I would select ID column(s) the set of rows that you want to keep into a temp table or table variable. Then delete all the rows that do not exist in the temp table. The syntax mentioned by another user:
DELETE FROM Table WHERE ID NOT IN (SELECT TOP 10 ID FROM Table)
Has a potential problem. The "SELECT TOP 10" query will be executed for each row in the table, which could be a huge performance hit. You want to avoid making the same query over and over again.
This syntax should work, based what you listed as your original SQL statement:
create table #nuke(NukeID int)
insert into #nuke(Nuke) select top 1000 id from article
delete article where not exists (select 1 from nuke where Nukeid = id)
drop table #nuke
Future reference for those of use who don't use MS SQL.
In PostgreSQL use ORDER BY and LIMIT instead of TOP.
DELETE FROM table
WHERE id NOT IN (SELECT id FROM table ORDER BY id LIMIT n);
MySQL -- well...
Error -- This version of MySQL does not yet support 'LIMIT &
IN/ALL/ANY/SOME subquery'
Not yet I guess.
Here is how I did it. This method is faster and simpler:
Delete all but top n from database table in MS SQL using OFFSET command
WITH CTE AS
(
SELECT ID
FROM dbo.TableName
ORDER BY ID DESC
OFFSET 11 ROWS
)
DELETE CTE;
Replace ID with column by which you want to sort.
Replace number after OFFSET with number of rows which you want to keep.
Choose DESC or ASC - whatever suits your case.
I think using a virtual table would be much better than an IN-clause or temp table.
DELETE
Product
FROM
Product
LEFT OUTER JOIN
(
SELECT TOP 10
Product.id
FROM
Product
) TopProducts ON Product.id = TopProducts.id
WHERE
TopProducts.id IS NULL
This really is going to be language specific, but I would likely use something like the following for SQL server.
declare #n int
SET #n = SELECT Count(*) FROM dTABLE;
DELETE TOP (#n - 10 ) FROM dTable
if you don't care about the exact number of rows, there is always
DELETE TOP 90 PERCENT FROM dTABLE;
I don't know about other flavors but MySQL DELETE allows LIMIT.

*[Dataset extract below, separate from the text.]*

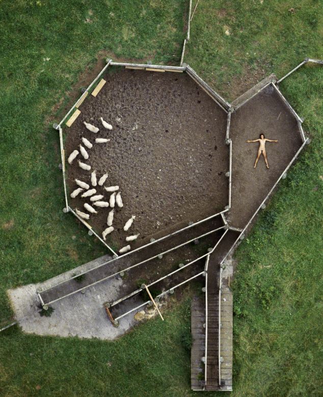 據(jù)悉,1984-1987年間,約翰利用直升機(jī)航拍了一組妻子的裸體照片。妻子在農(nóng)田、養(yǎng)豬場(chǎng)、機(jī)場(chǎng)跑道、海邊、鐵軌及移動(dòng)的汽車上一絲不掛,舒展著四肢。他說(shuō):“在那些地點(diǎn)拍攝裸體照片,可以反襯出人類在大千世界的渺小和微不足道。”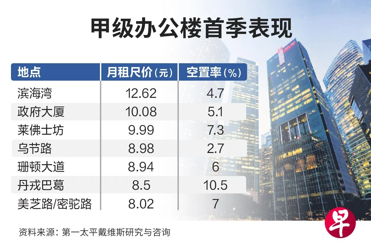 第一太平戴维斯(Savills)星期二(4月23日)发布办公楼报告显示,在甲级办公楼市场中租金最高的滨海湾地段,租金连跌两季,首季环比跌0.2%至每月每尺12.62元,租金第二高的政府大厦地段,首季环比跌0.1%至每月每尺10.08元。

If you could order things so that the n rows you want to keep are at the bottom, then you could do a DELETE FROM table LIMIT tablecount-n.
Edit
Oooo. I think I like Cory Foy's answer better, assuming it works in your case. My way feels a little clunky by comparison.
I would solve it using the technique below. The example expect an article table with an id on each row.
Delete article where id not in (select top 1000 id from article)
Edit: Too slow to answer my own question ...
Refactored?
Delete a From Table a Inner Join (
Select Top (Select Count(tableID) From Table) - 10)
From Table Order By tableID Desc
) b On b.tableID = A.tableID
edit: tried them both in the query analyzer, current answer is fasted (damn order by...)
Better way would be to insert the rows you DO want into another table, drop the original table and then rename the new table so it has the same name as the old table
I've got a trick to avoid executing the TOP expression for every row. We can combine TOP with MAX to get the MaxId we want to keep. Then we just delete everything greater than MaxId.
-- Declare Variable to hold the highest id we want to keep.
DECLARE #MaxId as int = (
SELECT MAX(temp.ID)
FROM (SELECT TOP 10 ID FROM table ORDER BY ID ASC) temp
)
-- Delete anything greater than MaxId. If MaxId is null, there is nothing to delete.
IF #MaxId IS NOT NULL
DELETE FROM table WHERE ID > #MaxId
Note: It is important to use ORDER BY when declaring MaxId to ensure proper results are queried.